The original plan for the tower was to have three principal components: a 47-story tower flanked by a pair of 18-story wings, with a total rentable area of 353,768 sqft; the 2,827-seat Keith-Albee Theater (later renamed the Palace Theatre); and the 600-room Deshler-Wallick Hotel. It was to measure 188 ft along both Broad and Front streets, with 44 floors of occupied space, and three additional floors helping it reach 555 ft 5 in in height. This intentionally set the building 5 in taller than the Washington Monument.

Designed in the Art Deco or Art Moderne style, the building took inspiration from Byzantine architecture, particularly religious buildings constructed in the 4th through 13th centuries. Initially, Crane considered stone for the building's exterior but later decided on cream-colored terracotta despite concerns its blocks would be small and prone to warping. The design featured a large number of figures situated 495 ft and higher along the building's façade and around its pinnacle, including eagles with wingspans up to 22 ft and giants and angels up to 26 ft tall. Some of these were later removed after concerns about falling materials and to obtain unobstructed penthouse views. An octagonal bartizan was designed at the top of the building with long, narrow loop windows, and it was topped by a dome with heraldic imagery. Inside, the building contained marble imported from Italy and Belgium, and public spaces were decorated with bronze and mosaics. The building lobby was designed with a marble floor with a bronze plaque containing the building's horoscope and which shows the positions of the planets at the time that the building's cornerstone was laid. Following completion, the building was lit at night to accentuate its architectural features, and its four turrets were also lit with floodlights to make a landmark for aviators, which at times made it visible for up to 20 mi as a navigational aide. The top of the tower was also designed to accommodate mooring for zeppelins. Later, it housed radio antennae.

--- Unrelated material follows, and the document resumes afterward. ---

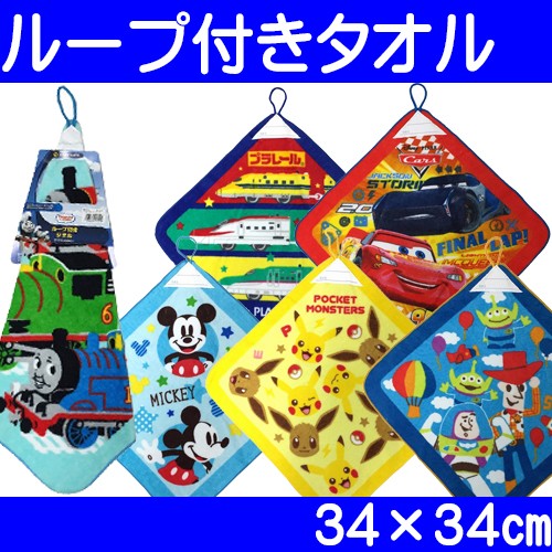 キャラクター ループ付きタオル 約34×34cm お名前ラベル付き 男の子向き柄
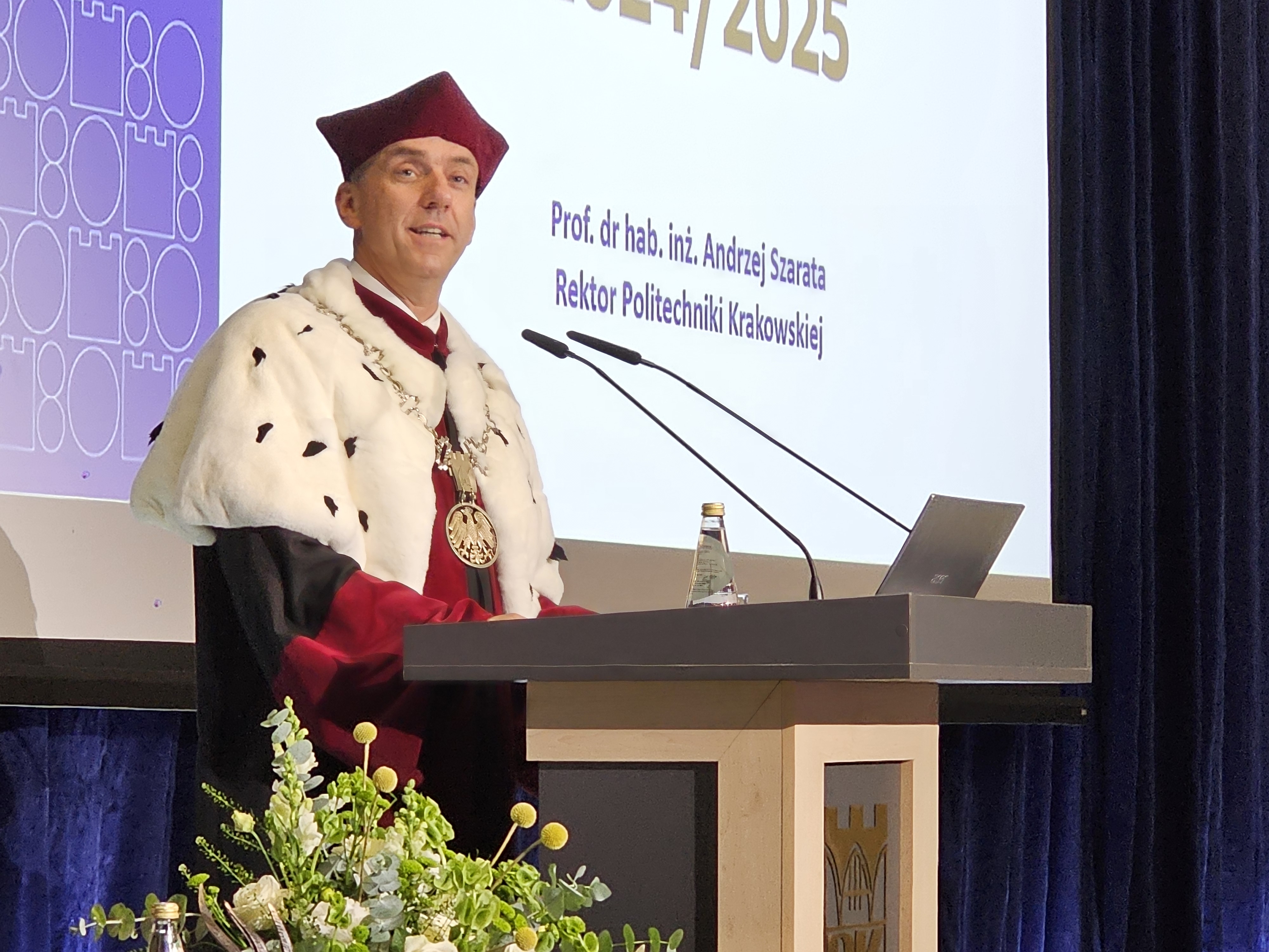 Rektor prezentował m.in. przełomowe badania prowadzone przez naukowców Politechniki, w tym tak ważne jak prace nad terapiami na raka (jelita grubego, prostaty czy glejaka), wykorzystaniem rzeczywistości wirtualnej i sztucznej inteligencji i w medycynie, ochronie przeciwpowodziowej, nowoczesnym projektowaniu, czy projekty poświęcone energetycznej transformacji z wykorzystaniem wodoru i odnawialnych źródeł energii, magazynowanej w innowacyjny sposób. Podkreślał doniosłość partnerstw uczelni na szczeblu międzynarodowym m.in. z Europejską Organizacją Badan Jądrowych CERN oraz inicjatywą Poland in Silicon Valley Center for Science, Innovation, and Entrepeneurship. Wykład inauguracyjny podczas uroczystości na PK wygłosił w tym roku prof. Christoph Schäfer, naukowiec związany od 1999 r. z Europejską Organizacją Badań Jądrowych, gdzie pełnił wiele ważnych funkcji m.in. starszego doradcy dyrektora generalnego, odpowiedzialnego za stosunki z państwami niebędącymi członkami CERN oraz stowarzyszonymi państwami członkowskimi w Europie i Azji Środkowej. W prezentacji pt. „„CERN: A marvel of technology to explore the laws of the universe” prof. Schäfer mówił m.in. o dokonaniach i planach CERN-u na dalsze odkrywanie tajemnic wszechświata, a także o wkładzie w jego rozwój naukowców Politechniki Krakowskiej, współpracujących z CERN od ponad 30 lat.

Elevators serving the building were a "micro self-leveling type", automatically controlled by push buttons and which could travel at 900 ft per minute, which rose to the 41st floor. A shuttle elevator ran from there to the observation deck. Water tanks for fire protection and plumbing were placed on the 23rd and 43rd floors, and the building was also designed with duplicate mechanical systems for redundancy. An executive dining room, termed the Mid-Air Club, was built on the 43rd floor, sponsored by local businessmen and aviation enthusiasts. The 44th floor served as an observation deck that would be open to the public for 25 cents. The floor featured 24 floor-to-ceiling windows as well as an observation balcony on the 46th floor, which would be reachable only by ladder. In all, 60 construction contractor companies were named to build the structure, which cost a total of $7.8 million. Northwestern Terra Cotta Co. of Chicago supplied the materials wrapping the building. The American Insurance Union had a five-story auditorium building at 50 W. Broad St. which was torn down in preparation for the new tower. Colonial Theatre, opened at 1909 at 40 W. Broad St., was also closed and demolished in 1924 to make way for the tower.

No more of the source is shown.